Thrust 2: Machine Learning Models
Lead: Chao Yang
Co-Leads: Nick Bauman and Sutanay Choudhury
Goal: Formulate artificial neural network techniques that can effectively improve the performance of electronic structure methods across spatial and temporal scales.
Industrial applications of computational chemistry usually involve electronic structure methods or molecular dynamics (MD) simulations, considered workhorse techniques. Work from TEC4 aims to enhance the accuracy and broaden the applicability of these tools to enable a wider range of chemical inquiry. The team will develop deep neural network models and combine them with novel theoretical formulations. Workflows to train the models will be available to users in a high-performance computing framework. When fully trained, the models will be part of complex workflows designed to provide advanced computational chemistry services and support.
2.1 Development of Machine Learning (ML) Tools for Computational Chemistry Models
ML techniques have already been employed in computational chemistry applications, showing promise for increasing the speed and decreasing the cost of calculations. The team will explore multiple ML techniques to enable the modeling required across thrust 2. These techniques include deep neural networks, cloud-based ML tools, and reinforcement learning. The ML models will be trained via heterogeneous computing workflows with a range of hardware configurations and latency requirements. New algorithms will be developed to enable adequate scheduling and resource allocation in these workflows, enabling robust training and development. The ML models will also be trained on the cloud, with a multi-level workflow that works with extreme scales. This will prepare a robust set of models for a wide range of applications.
2.2 Development of a Compressed Form of the Effective Interactions Using Neural Networks
Recent advances in coupled cluster theory have indicated that exact energies of correlated systems could be obtained using effective Hamiltonians, simplified quantum mechanical representations of a system’s energy. TEC4 work will train deep neural networks to evaluate the interactions that define these Hamiltonians and approximate their energies. These calculations are typically very computationally expensive, and the incorporation of ML models may help provide an alternative approach to solving complex multi-body problems.

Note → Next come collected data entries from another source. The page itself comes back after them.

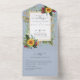 BUDGET 3in1 Burgundy Sunflowers Wedding RSVP All In One Invitation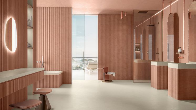 Installationen visades under Milanos Designvecka och utmanar konventionella tolkningar av badrummet från ett enkelt funktionellt utrymme till en skulptural plats för tillflykt och kontemplation - möjliggjort med Dekton®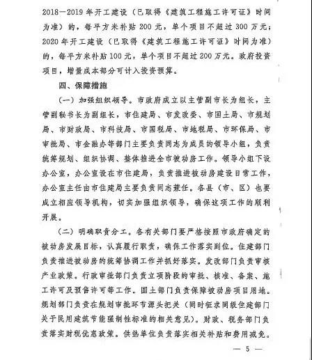 5. 给予财政补贴。对符合被动房节能标准的建筑项目,竣工后经专家评定,达到被动房建设标准,由市财政给予补贴。2018-2019年开工建设(已取得《建筑工程施工许可证》时间为准)的,每平方米补贴200元,单个项目不超过300万元;2020年开工建设(已取得《建筑工程施工许可证》时间为准)的,每平方米补贴100,单个项目不超过200万元。政府投资项目,增量成本部分可计入投资预案。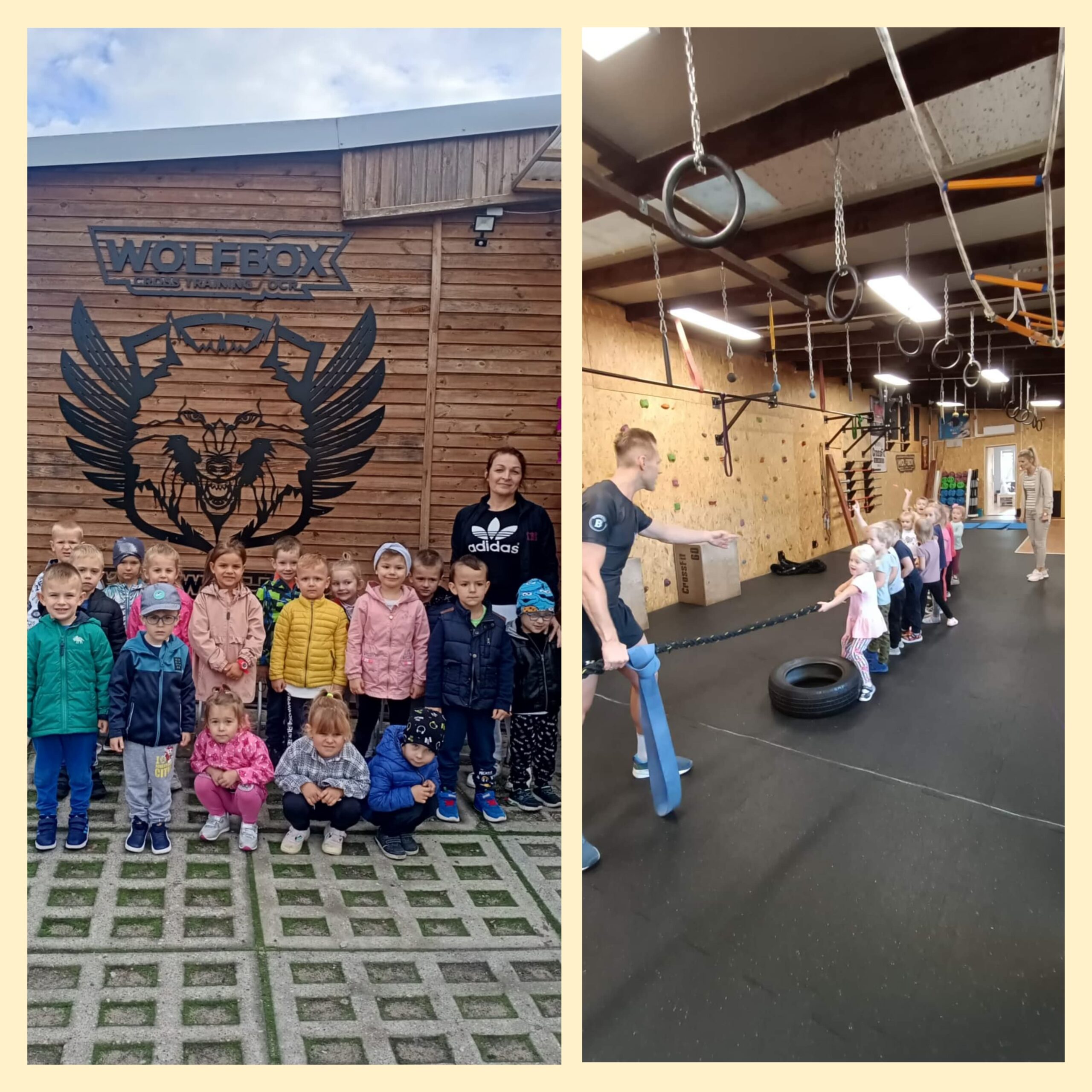 Głównym kierunkiem pracy przedszkola w roku szkolnym 2022/2023 jest ruch, „Ruch jest drzwiami do uczenia się” P.E. Denison. W związku z tym poszczególne grupy podjęły współpracę z Studiem Treningowym WOLFBOX w Trzciance. W dniu 12 września grupa „Biedronki” i „Żabki” uczestniczyły w zajęciach sportowych, których celem, było rozwijanie sprawności ruchowej dzieci oraz nabywanie ogólnej sprawności i zwinności.

2.3 Development of High-Accuracy Interatomic Neural Network Potentials
Interatomic neural network potentials can greatly accelerate electronic structure simulations, broadening the systems that can be simulated. However, this technique is still in its early stages of study with many open questions that need to be addressed before it becomes a common practice. A major outstanding issue is how computationally expensive the simulations are, limiting the available data for training the neural network potentials. Researchers will develop workflows to more effectively train neural network potentials in a cloud environment, generating best practices for this emerging field.